▶ The task:
Return only the lines from the top of the data down to the one that holds "starování ISOFIX | |", both included, without any pictures.

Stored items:
· · ·

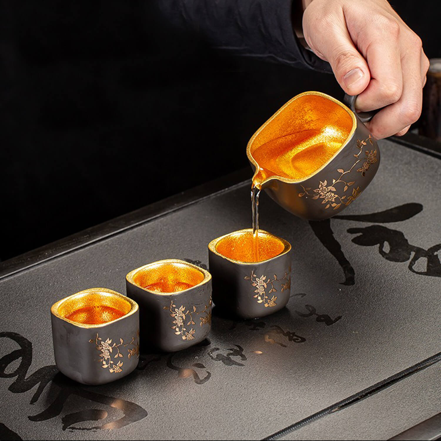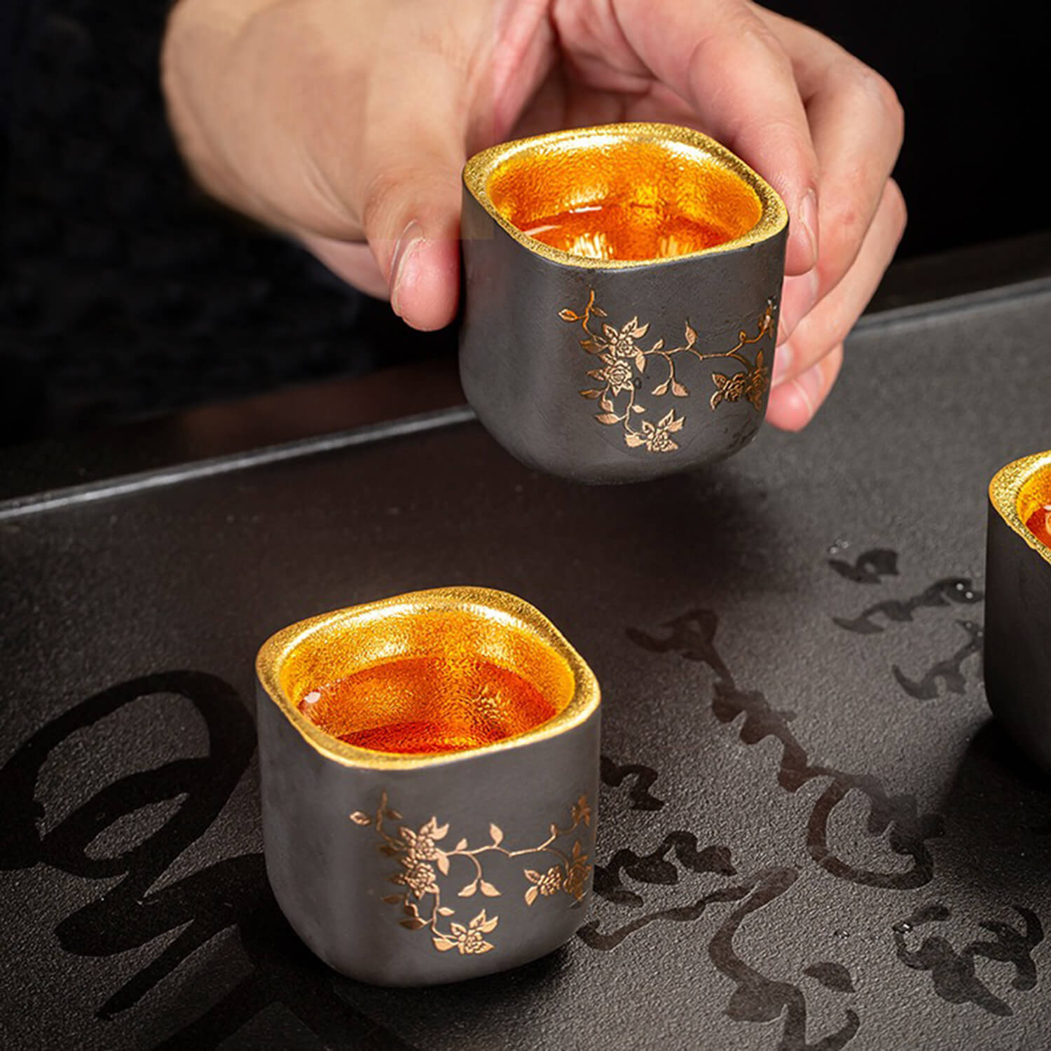 24k Gold Lining: The interior of each piece is lined with 24k gold, adding a luxurious touch that not only elevates the visual appeal but also provides a warm, reflective quality to your tea. The gold lining highlights the tea’s color and enhances the overall sensory experience.
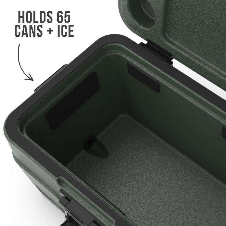 - Holds up to 65 12oz cans plus ice
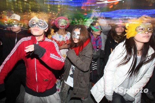 12月24日晚,为迎接圣诞节的来临,在上海举行的各种丰富多彩的“派对”受到了众多沪上时尚青年的青睐。 中新社发 汤彦俊 摄
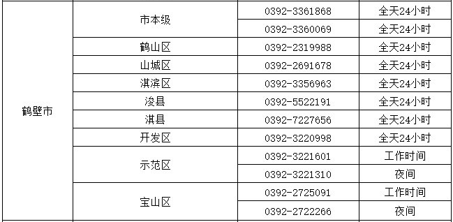 鹤壁全市设立新型冠状病毒感染的肺炎疫情防控工作24小时举报电话:
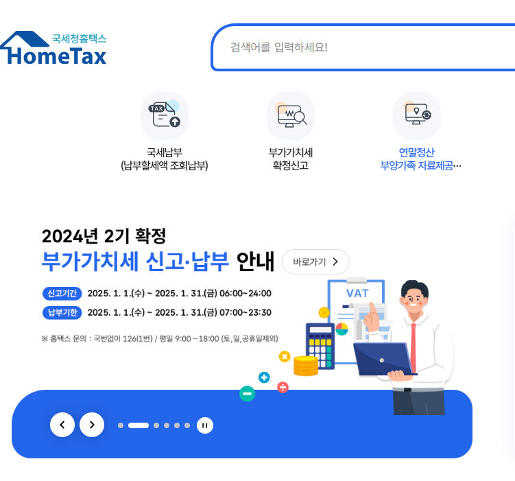 홈택스를 활용하면 신고가 훨씬 쉬워졌지만 1월 31일까지 신고 및 납부 해야 합니다. 부가세 신고를 미루지 말고 지금 바로 상단의 홈택스에 접속 하세요..
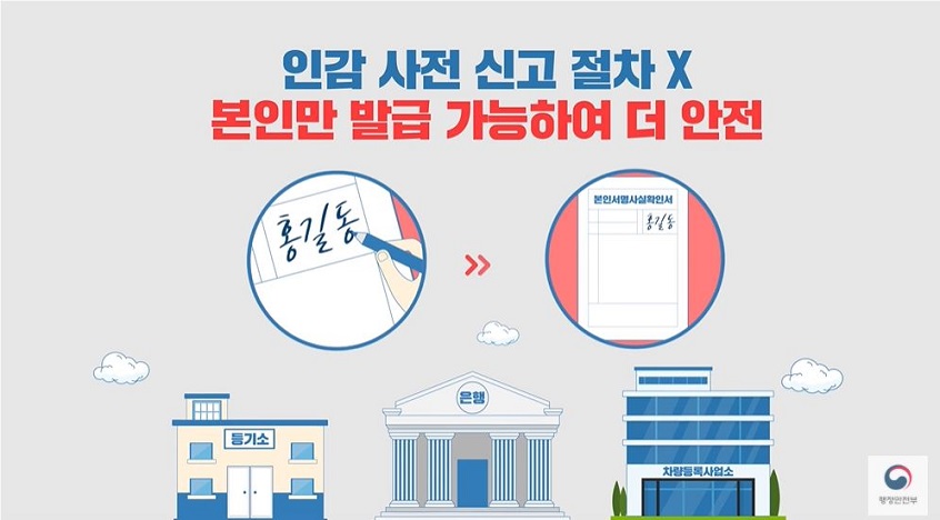 하지만 인감증명서 만들려면 인감도장을 만들어야 하고 주민센터에 직접 방문해서 발급받아야 하는 등의 불편함이 있다.
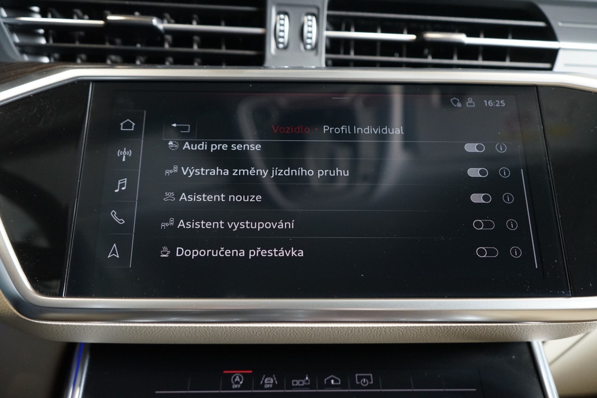 | Doplňující popis: | AS261608 Výbava: Barva: Brilliant černá Čalounění: Béžová kůže Valcona 20 disky kol z lehkých slitin S line LED Matrix světlomety Automatické přepínání dálkových světel Quattro Adaptivní tempomat s regulací odstupu Elektricky nastavitelná přední sedadla s pamětí Nastavení bederní opěrky Vyhřívaná sedadla vpředu a vzadu Ventilace předních sedadel Masážní funkce pro přední sedadla Kožený multifunkční volant Elektricky stavitelný volant Vyhřívaný volant DAB, Tuner Satelitní navigace 4zónová automatická klimatizace Elektricky ovládané víko zavazadlového prostoru USB Čtečka SD karet Home Link, otevírání garážových vrat Adaptivní vzduchové odpružení s nastavitelnou výškou a tuhostí Bluetooth 360° kamery Přední a zadní parkovací senzory Audi Smartphone Interface Apple CarPlay, Android Auto Asistent efektivity Ambientní osvětlení Výstraha vzdálenosti Audi pre sense Výstraha změny jízdního pruhu Asistent nouze Asistent vystupování Doporučená přestávka Asistent hlídání mrtvého úhlu Oboustranně stmívatelná zpětná zrcátka Vnější zpětná zrcátka elektricky nastavitelná, vyhřívaná a sklopná Bang & Olufsen Premium Sound System Středová loketní opěrka vpředu komfortní Zadní loketní opěrka Servozavírání dveří Soft,Close Volič jízdních režimů, Audi Drive Select Dešťový senzor Bezklíčové odemykání a starování ISOFIX | |
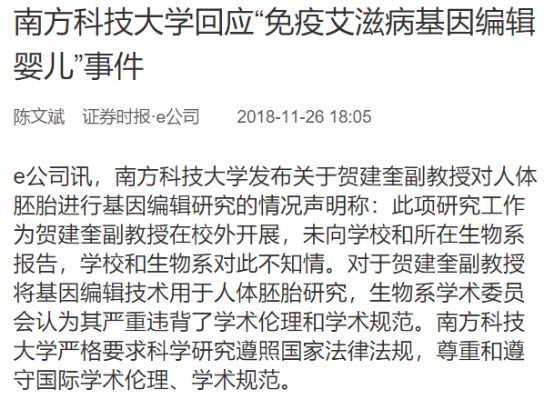再过十几个小时,美国的洞察号探测器就要抵达火星了,这是地球文明的又一次真正的进步。在这样的时刻,这位中国的贺教授居然用这种有悖人伦的方式给这个世界造了两个婴儿,还洋洋得意地满世界发视频,这简直是文明的耻辱!当年纳粹在集中营做人体试验,也还没有高调成这个样子!
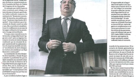 Fuente: El Economista Tomas Burgos reconoce desajustes coyunturales pero garantiza la viabilidad de las pensiones. El Fondo de Reserva aumento un 1,7% entre enero y mayo y acumula ya 67.948 millones. 1192_artRel.pdf
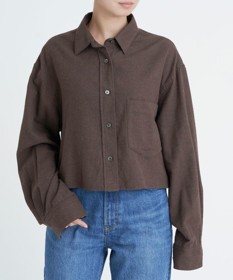 ふんわり柔らかな肌ざわりが特徴のクロップドシャツ。ゆったりとしたオーバーサイズがリラックスした印象を演出。短めの着丈でボトムとのバランスが取りやすく、1枚でこなれ感が出せるアイテムです。また羽織りとしても使えるので、着こなしの幅も広がります。
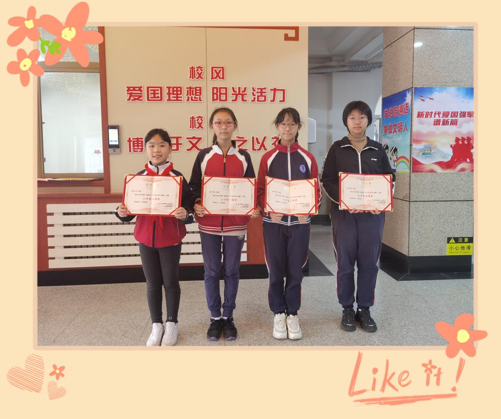 姚丁语同学获小学组一等奖,徐子壹同学获小学组二等奖,刘咏涵同学获初中组优秀奖,杨伊湄同学获初中组三等奖。
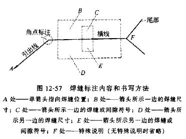 焊縫標注方法,用單箭頭指向焊縫位置,然后畫(huà)出引出線(xiàn)和橫線(xiàn)(必要時(shí)在橫線(xiàn)末繪出尾部)。橫線(xiàn)上下標注焊縫尺寸和焊縫間隙形狀,標注在橫線(xiàn)以上時(shí),表示焊縫在箭頭一側;標注在橫線(xiàn)以下時(shí),表示焊縫在箭頭所指的反面一側。角點(diǎn)處可標注部分焊縫的特點(diǎn),尾部可書(shū)寫(xiě)焊縫的特殊說(shuō)明。
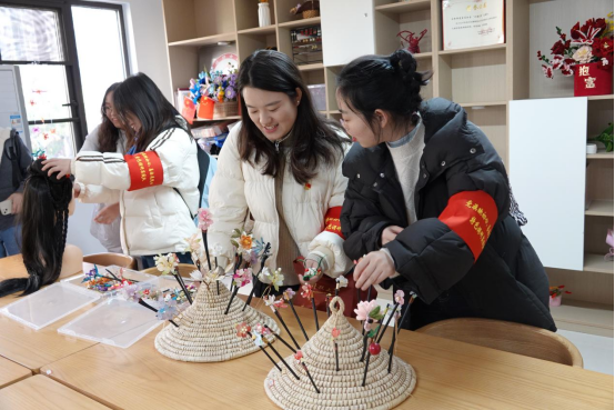 文化聚力,温暖邻里。在居民娱乐区,实践队成员参观了娱乐互动室、群团之家、儿童之家、墨邻之家、党员之家、党员风采墙、群艺之家和共享办公室等主题功能区。成员们亲身体验了社区成员的手工编织作品,欣赏了居民剧团的排练,感受书法教学的艺术氛围,体会星芯社区设计过程中包含的“人皆知有用之用,而莫知无用之用也”的哲学思想,即不仅在基层治理中注重实用性,更注重居民精神层面的满足和社区文化价值的体现。
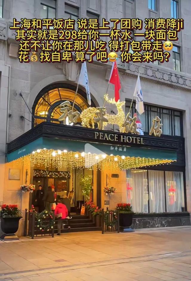 最近,一位网友发帖称,上海和平饭店进行了团购,298 块的套餐内容是参观大厅,并提供一杯水、一块面包,“还不能在饭店吃饭,要打包带走,花钱找自卑”。
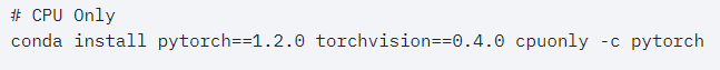 pytorch 1.2.0 버전은 구버전이기에 아래의 링크에서 맞는 명령어를 찾아서 설치하였습니다.
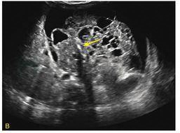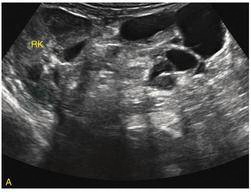 A.右肾受压,肾盂轻度扩张;B.团块内有钙化强回声(箭头)

· · ·

▶ Solution to the problem:
 24k Gold Lining: The interior of each piece is lined with 24k gold, adding a luxurious touch that not only elevates the visual appeal but also provides a warm, reflective quality to your tea. The gold lining highlights the tea’s color and enhances the overall sensory experience.
 - Holds up to 65 12oz cans plus ice
 12月24日晚,为迎接圣诞节的来临,在上海举行的各种丰富多彩的“派对”受到了众多沪上时尚青年的青睐。 中新社发 汤彦俊 摄
 鹤壁全市设立新型冠状病毒感染的肺炎疫情防控工作24小时举报电话:
 홈택스를 활용하면 신고가 훨씬 쉬워졌지만 1월 31일까지 신고 및 납부 해야 합니다. 부가세 신고를 미루지 말고 지금 바로 상단의 홈택스에 접속 하세요..
 하지만 인감증명서 만들려면 인감도장을 만들어야 하고 주민센터에 직접 방문해서 발급받아야 하는 등의 불편함이 있다.
 | Doplňující popis: | AS261608 Výbava: Barva: Brilliant černá Čalounění: Béžová kůže Valcona 20 disky kol z lehkých slitin S line LED Matrix světlomety Automatické přepínání dálkových světel Quattro Adaptivní tempomat s regulací odstupu Elektricky nastavitelná přední sedadla s pamětí Nastavení bederní opěrky Vyhřívaná sedadla vpředu a vzadu Ventilace předních sedadel Masážní funkce pro přední sedadla Kožený multifunkční volant Elektricky stavitelný volant Vyhřívaný volant DAB, Tuner Satelitní navigace 4zónová automatická klimatizace Elektricky ovládané víko zavazadlového prostoru USB Čtečka SD karet Home Link, otevírání garážových vrat Adaptivní vzduchové odpružení s nastavitelnou výškou a tuhostí Bluetooth 360° kamery Přední a zadní parkovací senzory Audi Smartphone Interface Apple CarPlay, Android Auto Asistent efektivity Ambientní osvětlení Výstraha vzdálenosti Audi pre sense Výstraha změny jízdního pruhu Asistent nouze Asistent vystupování Doporučená přestávka Asistent hlídání mrtvého úhlu Oboustranně stmívatelná zpětná zrcátka Vnější zpětná zrcátka elektricky nastavitelná, vyhřívaná a sklopná Bang & Olufsen Premium Sound System Středová loketní opěrka vpředu komfortní Zadní loketní opěrka Servozavírání dveří Soft,Close Volič jízdních režimů, Audi Drive Select Dešťový senzor Bezklíčové odemykání a starování ISOFIX | |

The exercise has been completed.